**Aim of the exercise**
In the listing below, locate the line with "圖:(a)傳統(tǒng)P" and the line with "此次演练,由工作人员释放烟雾", then output both and everything between them exactly, minus any pictures.

**Data to process**
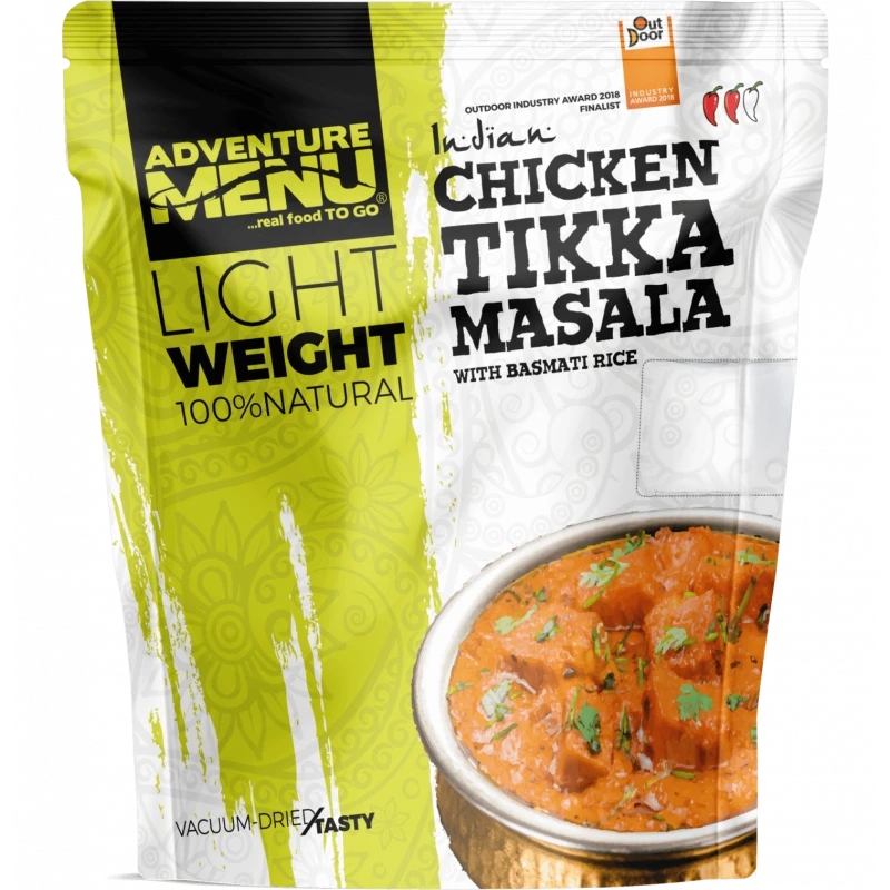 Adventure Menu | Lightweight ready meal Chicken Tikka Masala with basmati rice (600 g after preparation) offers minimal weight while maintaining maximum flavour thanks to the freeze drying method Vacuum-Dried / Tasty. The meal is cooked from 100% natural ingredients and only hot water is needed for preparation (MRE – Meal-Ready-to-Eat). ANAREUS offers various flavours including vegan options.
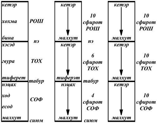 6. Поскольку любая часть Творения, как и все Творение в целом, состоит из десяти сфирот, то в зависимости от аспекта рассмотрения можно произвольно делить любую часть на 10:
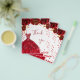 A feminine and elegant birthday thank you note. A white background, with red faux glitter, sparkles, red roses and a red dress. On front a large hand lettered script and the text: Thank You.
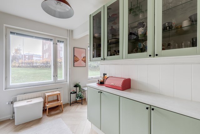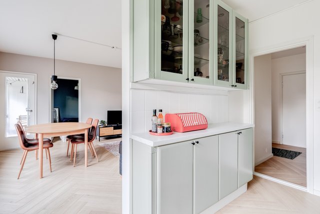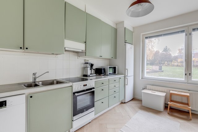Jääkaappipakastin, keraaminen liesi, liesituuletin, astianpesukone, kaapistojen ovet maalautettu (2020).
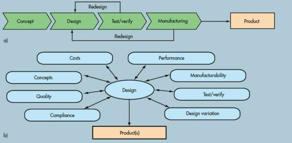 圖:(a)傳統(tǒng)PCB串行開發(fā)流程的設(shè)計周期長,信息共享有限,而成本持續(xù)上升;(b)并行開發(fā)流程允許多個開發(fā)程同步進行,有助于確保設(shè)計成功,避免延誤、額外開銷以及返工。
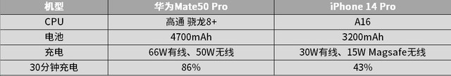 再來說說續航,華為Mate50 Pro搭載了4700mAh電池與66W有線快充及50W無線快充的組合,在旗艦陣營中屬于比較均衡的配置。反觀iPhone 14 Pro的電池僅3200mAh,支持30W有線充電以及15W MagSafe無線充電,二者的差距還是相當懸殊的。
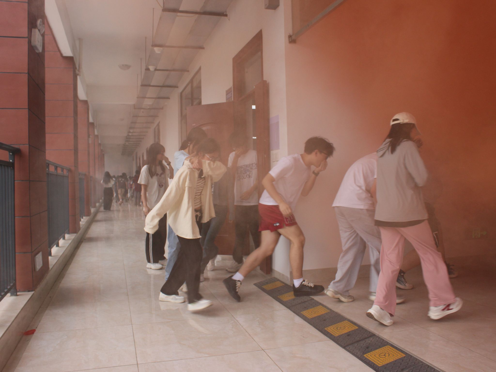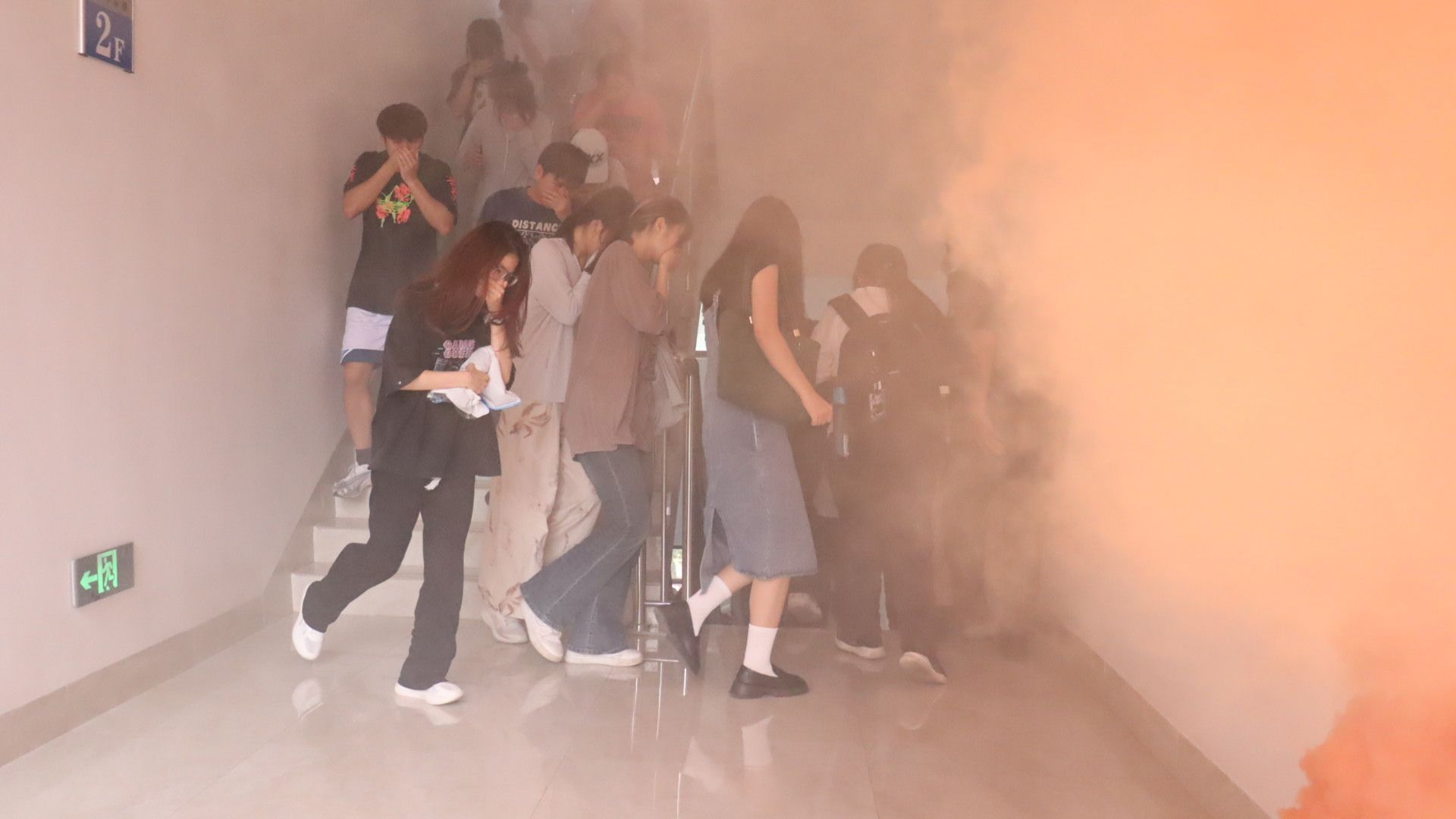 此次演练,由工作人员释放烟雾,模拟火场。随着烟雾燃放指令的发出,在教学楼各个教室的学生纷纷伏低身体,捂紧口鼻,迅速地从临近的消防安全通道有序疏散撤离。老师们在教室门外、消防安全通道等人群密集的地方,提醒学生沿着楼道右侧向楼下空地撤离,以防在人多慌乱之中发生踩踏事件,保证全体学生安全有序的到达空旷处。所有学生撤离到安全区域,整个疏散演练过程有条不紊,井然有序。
---
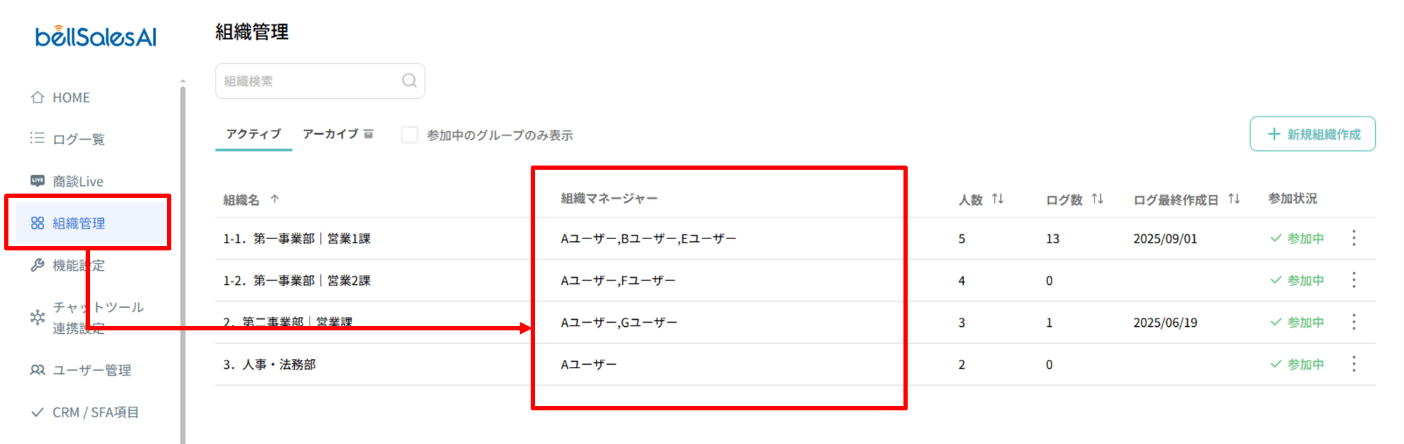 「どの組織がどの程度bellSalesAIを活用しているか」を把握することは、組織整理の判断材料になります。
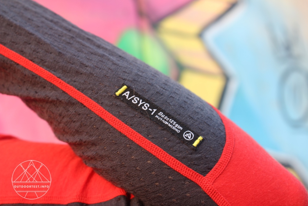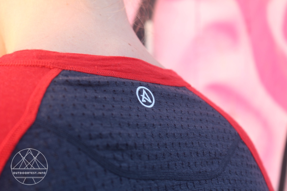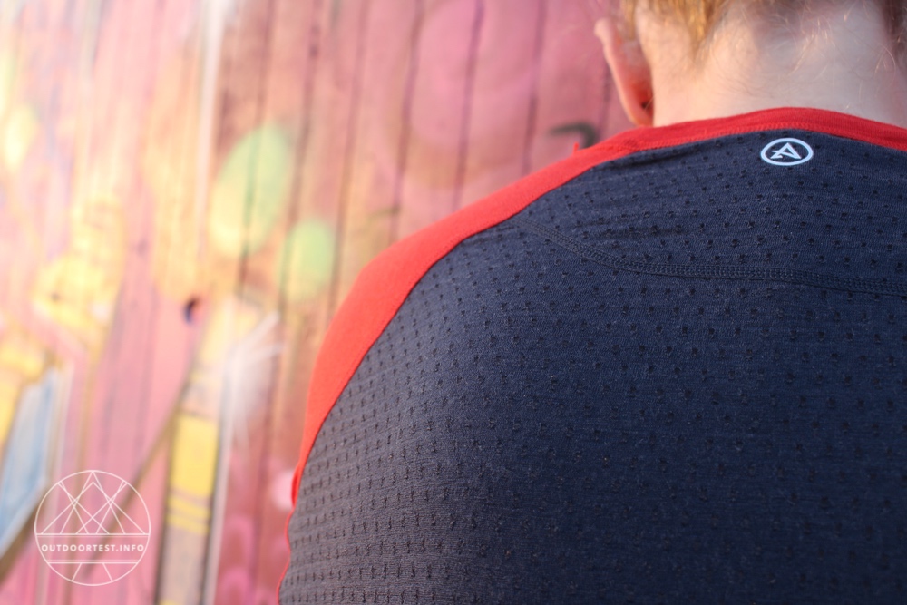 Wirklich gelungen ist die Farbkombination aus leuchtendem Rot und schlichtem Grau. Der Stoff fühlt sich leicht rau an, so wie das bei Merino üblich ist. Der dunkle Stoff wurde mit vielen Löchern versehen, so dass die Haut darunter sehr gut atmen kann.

**Answer to this exercise**
 圖:(a)傳統(tǒng)PCB串行開發(fā)流程的設(shè)計周期長,信息共享有限,而成本持續(xù)上升;(b)并行開發(fā)流程允許多個開發(fā)程同步進行,有助于確保設(shè)計成功,避免延誤、額外開銷以及返工。
 再來說說續航,華為Mate50 Pro搭載了4700mAh電池與66W有線快充及50W無線快充的組合,在旗艦陣營中屬于比較均衡的配置。反觀iPhone 14 Pro的電池僅3200mAh,支持30W有線充電以及15W MagSafe無線充電,二者的差距還是相當懸殊的。
 此次演练,由工作人员释放烟雾,模拟火场。随着烟雾燃放指令的发出,在教学楼各个教室的学生纷纷伏低身体,捂紧口鼻,迅速地从临近的消防安全通道有序疏散撤离。老师们在教室门外、消防安全通道等人群密集的地方,提醒学生沿着楼道右侧向楼下空地撤离,以防在人多慌乱之中发生踩踏事件,保证全体学生安全有序的到达空旷处。所有学生撤离到安全区域,整个疏散演练过程有条不紊,井然有序。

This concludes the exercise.